Il faut tout d'abord souligner que cet axe n'est pas indispensable pour
marquer la fonction référentielle, non fictionnelle, d'un discours
audiovisuel 15. Dans la formule classique du film documentaire par exemple
(suite d'images commentées par une voix off, les thèmes étant souvent
séparés par des intertitres), il n'existe pas. Cette formule a été pendant
longtemps utilisée pour construire les « informations
cinématographiques » avant l'avènement de la télévision, et elle a été adaptée par cette
dernière dans la première époque des informations télévisées. Mais à
partir du moment où le regard d'un presentateur-énonciateur fixé sur le
spectateur devient le pivot autour duquel s'organise le journal télévisé,
toute une série d'opérations discursives est possible par le moyen,
précisément, des écarts par rapport à cet axe. Ces opérations seront donc
marquées par le fait que le présentateur glisse son regard vers autre
chose que moi : à certains moments, il cesse de me regarder. La mise en
suspens momentanée de l'axe du regard acquiert ainsi le statut d'un
connecteur : elle marquera une transition, une articulation majeure
dans la mise en séquences du journal. En vertu de sa position centrale,
l'axe Y-Y arrive à contaminer les images elles-mêmes : les moments où
les images d'un reportage envahissent la totalité du petit écran en
effaçant le plateau, sont ces moments où il ne me regarde pas.
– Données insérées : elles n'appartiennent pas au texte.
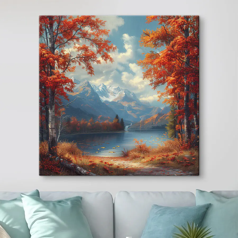 Obraz Jezero s oranžovými listy a horami v pozadí

L'axe Y-Y trouve sa forme achevée lorsque le présentateur n'a plus
besoin de baisser le regard vers ses papiers, le texte défilant devant ses
yeux 16 : c'est le cas en France, à l'heure actuelle, pour la quasi-totalité
des présentateurs. Dans ce contexte, la lecture franche d'un papier
devient au contraire signe d'exceptionnalité : le présentateur nous lit
une dépêche de dernière minute, une dépêche « qui vient d'arriver » . Les
présentateurs des journaux télévisés en Italie donnent beaucoup plus
l'impression de lire les papiers qu'ils ont sur la table ; l'axe Y-Y n'est pas
pour autant annulé, car le mouvement intermittent du regard vers le bas
devient alors peu signifiant : on pourrait dire que, dans ce cas, il ne
renvoie qu'à lui-même : l'acte de lecture. Par conséquent, tout
glissement du regard en dehors de cet axe peut prendre en charge des
opérations de transition ou d'articulation. Cela dit, il est évident que la
position d'énonciation n'est pas exactement la même dans un cas et dans
l'autre. Lorsqu'un texte de l'information existe, et qu'il est signifié par
des papiers sur la table (ou par les mouvements de regard, même si les
papiers n'apparaissent pas à l'écran), on peut répertorier toute une série
de variantes qui vont moduler différemment à la fois le rapport au
spectateur et le rapport à l'information : lecture soutenue, avec
mouvement du regard vers le haut, pour retrouver le téléspectateur ou, au
contraire, regard soutenu avec, de temps en temps, reprise du texte.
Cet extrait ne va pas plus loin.